**Material for the task:**

+++++

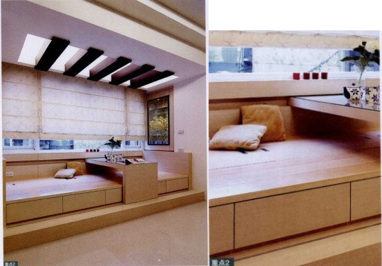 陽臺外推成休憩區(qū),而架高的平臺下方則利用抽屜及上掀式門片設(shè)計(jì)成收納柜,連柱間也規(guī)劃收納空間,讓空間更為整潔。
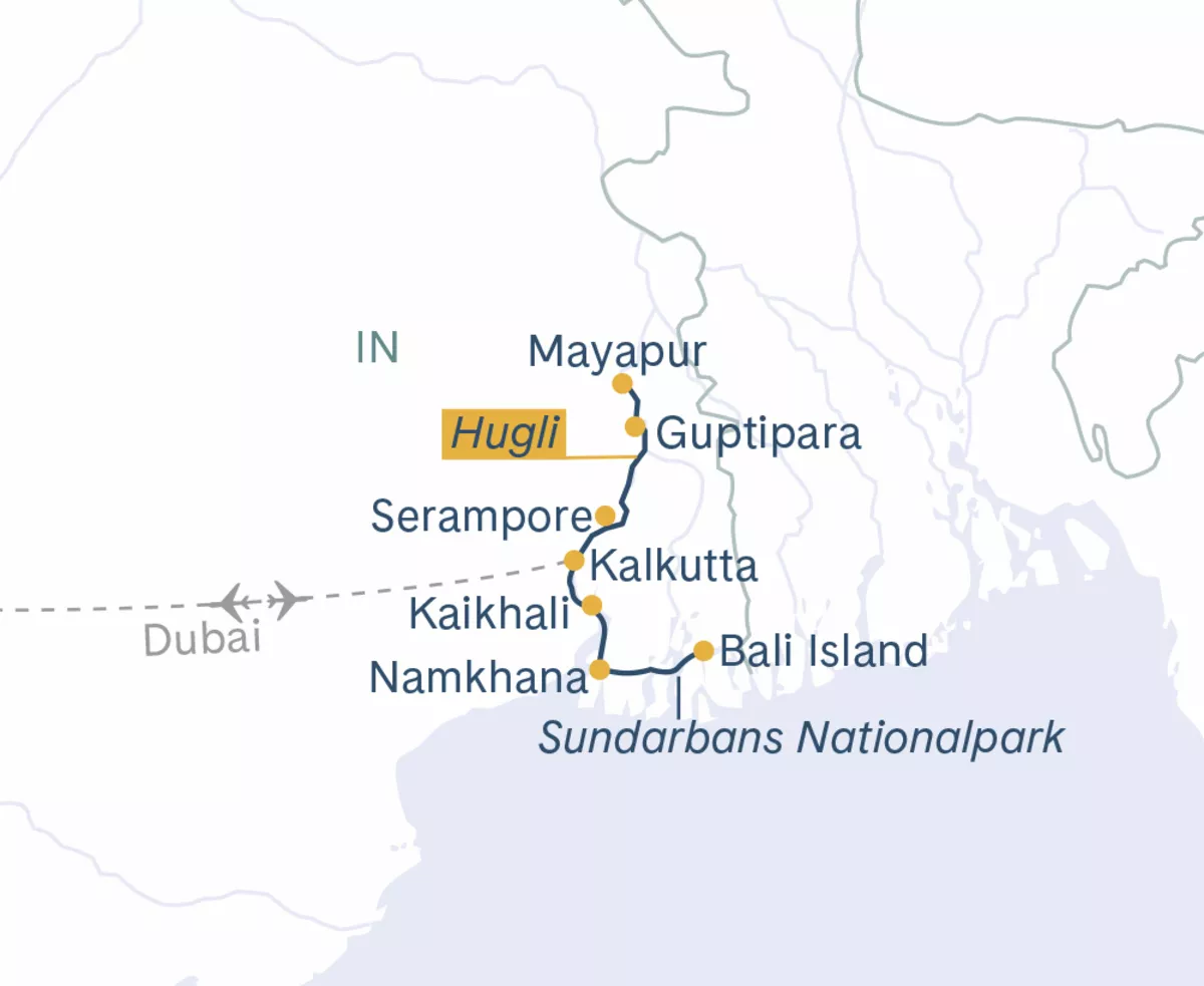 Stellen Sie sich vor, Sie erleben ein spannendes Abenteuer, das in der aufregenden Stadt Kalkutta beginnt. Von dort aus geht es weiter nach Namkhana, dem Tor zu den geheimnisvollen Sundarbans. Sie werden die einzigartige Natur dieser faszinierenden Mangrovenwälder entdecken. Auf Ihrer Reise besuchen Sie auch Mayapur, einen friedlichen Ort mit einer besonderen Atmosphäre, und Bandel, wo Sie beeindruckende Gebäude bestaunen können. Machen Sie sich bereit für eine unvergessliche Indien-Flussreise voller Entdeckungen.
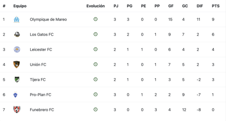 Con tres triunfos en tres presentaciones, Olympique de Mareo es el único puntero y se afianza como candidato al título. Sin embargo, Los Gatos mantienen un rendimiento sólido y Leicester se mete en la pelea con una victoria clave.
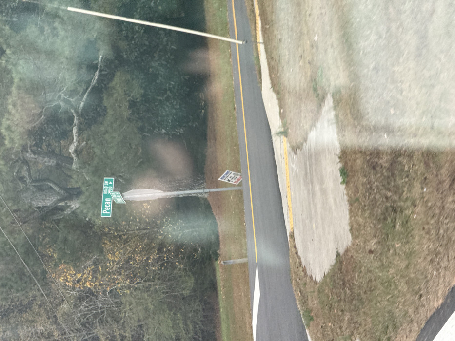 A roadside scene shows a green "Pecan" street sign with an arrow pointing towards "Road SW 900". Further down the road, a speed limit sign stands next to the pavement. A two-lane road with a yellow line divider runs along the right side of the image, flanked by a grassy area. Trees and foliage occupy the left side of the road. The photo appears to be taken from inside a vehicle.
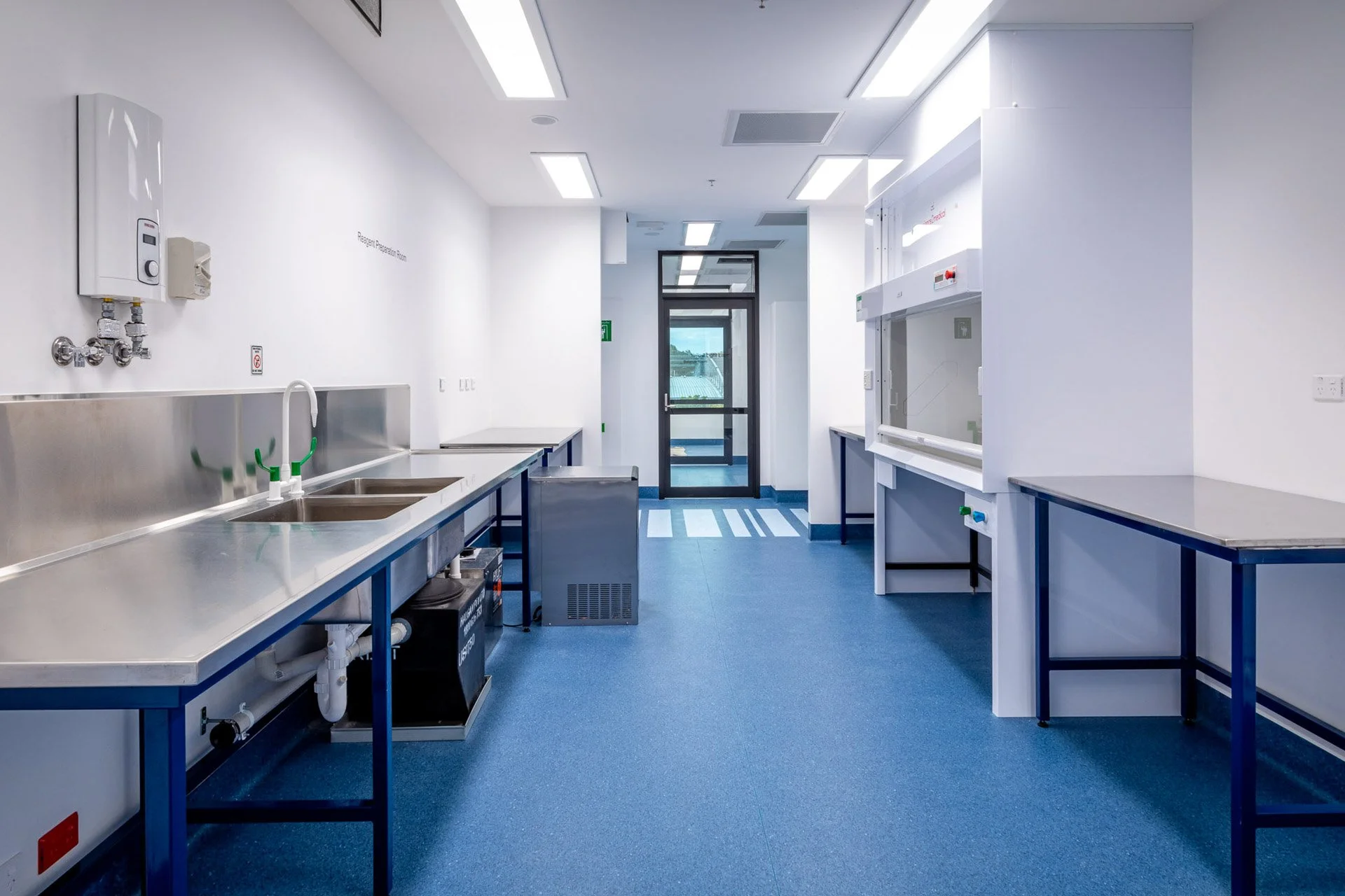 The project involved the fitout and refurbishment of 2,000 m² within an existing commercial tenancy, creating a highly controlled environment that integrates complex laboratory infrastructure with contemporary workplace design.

+++++

**Description of the task:**
Restate the material above word for word, dropping the pictures.

**Response box:**
 陽臺外推成休憩區(qū),而架高的平臺下方則利用抽屜及上掀式門片設(shè)計(jì)成收納柜,連柱間也規(guī)劃收納空間,讓空間更為整潔。
 Stellen Sie sich vor, Sie erleben ein spannendes Abenteuer, das in der aufregenden Stadt Kalkutta beginnt. Von dort aus geht es weiter nach Namkhana, dem Tor zu den geheimnisvollen Sundarbans. Sie werden die einzigartige Natur dieser faszinierenden Mangrovenwälder entdecken. Auf Ihrer Reise besuchen Sie auch Mayapur, einen friedlichen Ort mit einer besonderen Atmosphäre, und Bandel, wo Sie beeindruckende Gebäude bestaunen können. Machen Sie sich bereit für eine unvergessliche Indien-Flussreise voller Entdeckungen.
 Con tres triunfos en tres presentaciones, Olympique de Mareo es el único puntero y se afianza como candidato al título. Sin embargo, Los Gatos mantienen un rendimiento sólido y Leicester se mete en la pelea con una victoria clave.
 A roadside scene shows a green "Pecan" street sign with an arrow pointing towards "Road SW 900". Further down the road, a speed limit sign stands next to the pavement. A two-lane road with a yellow line divider runs along the right side of the image, flanked by a grassy area. Trees and foliage occupy the left side of the road. The photo appears to be taken from inside a vehicle.
 The project involved the fitout and refurbishment of 2,000 m² within an existing commercial tenancy, creating a highly controlled environment that integrates complex laboratory infrastructure with contemporary workplace design.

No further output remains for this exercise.